Media ethnography as media audience research has its strengths and weaknesses. The mostly, the weaknesses tend to outshine the strengths and this is the reason why its popularity still depends on theories. The work of an ethnographer is to develop close relationships with individuals in the field. Dedicating time to work away from home and the station one works at demands a lot of commitment and this is likely to impact the research positively or negatively. As recent researches have suggested, the general outcome of fieldwork is the development of closeness between an ethnographer and the informants in the field.

            Weaknesses: Becker (1998) carried out a media ethnography research at the Corner Street Society upon which he faced several weaknesses of his study. Initially he was undertaking the study to find out what kind of media content people in this area were interested in listening to, watching or reading. As time went on, the weakness of is study started to come out; fist of all he was supposed to have informants who he would work with from the society who were responsible for taking him around the community. What started as professional research turned into a game of chances upon which he started developing unnecessary closeness with one his informants. The informant convinced him that he was safe with her and that they could visit places in order undertake further research. What he didn’t realize about the weakness of his study was that, it was going to be time consuming, and in order to get enough information and data out of the study he had to live around the place for a long time. (Becker, 1998)

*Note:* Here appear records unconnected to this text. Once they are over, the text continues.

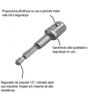 - Segurador de soquete 1/2″, indicado para uso industrial, forjado em material de alta resistência.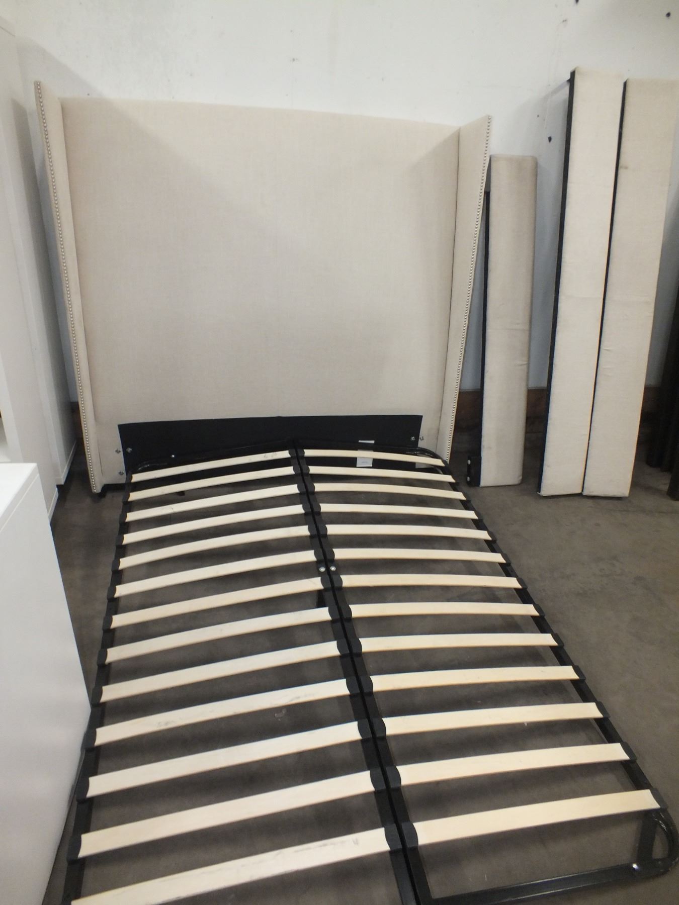 Queen Sized Bed Frame, you get the foot and head board, rails, no mattress...show home.......like new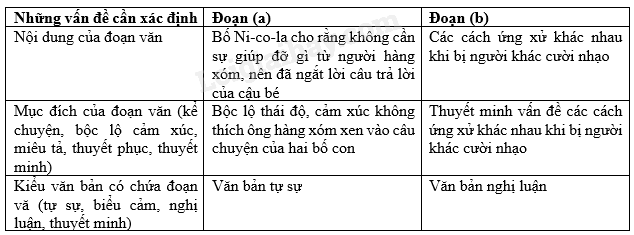 Đọc kĩ hai đoạn văn rồi điền vào bảng đã cho.
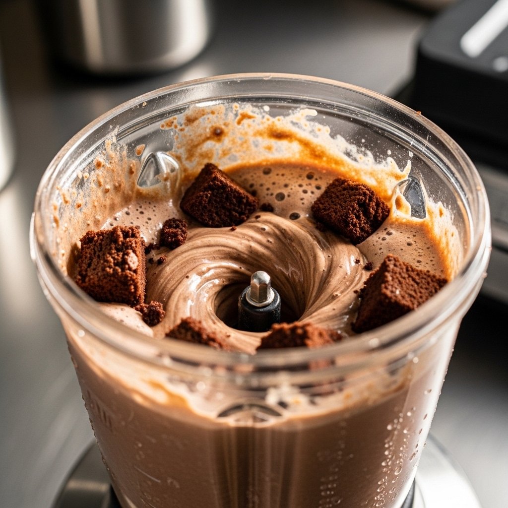 This simple process creates a thick and delicious brownie milkshake in minutes.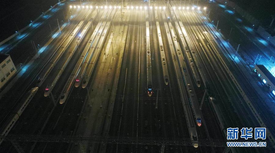 這是1月31日清晨在貴陽(yáng)北動(dòng)車運(yùn)用所拍攝的動(dòng)車組列車。春運(yùn)即將開始,貴陽(yáng)北動(dòng)車運(yùn)用所各個(gè)系統(tǒng)的工作人員對(duì)動(dòng)車組列車進(jìn)行全面細(xì)致的“體檢”,確保春運(yùn)期間動(dòng)車組列車安全運(yùn)行。新華社發(fā) 吳吉斌 攝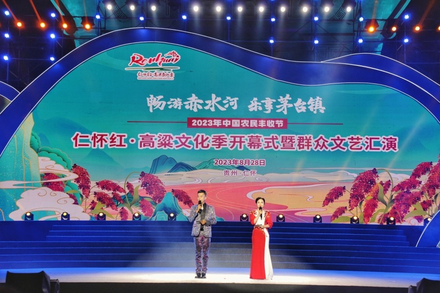 8月28日晚,“暢游赤水河·樂享茅臺鎮”2023年中國農民豐收節——仁懷紅·高粱文化季開幕式暨群眾文藝匯演在仁懷市酒都廣場舉行。

            Becker started his research with some information and the goal of his study as classified information that he was not willing to share with anyone. With time, relationship with an informant blossomed and he could disclose and/or ask for advice form the informant. Generally the weakness of media ethnography as media research is that it cannot be undertaken with short spans of time. The goal of the study and the information that is regarded as classified tend to get tot the other party if boundaries are not manned well. As time goes on and the researcher gets acquainted to the lifestyle of the people he/she is researching, there is likelihood that he/she would lose his/her focus towards the work. Other commitments may be prioritized that are not research related.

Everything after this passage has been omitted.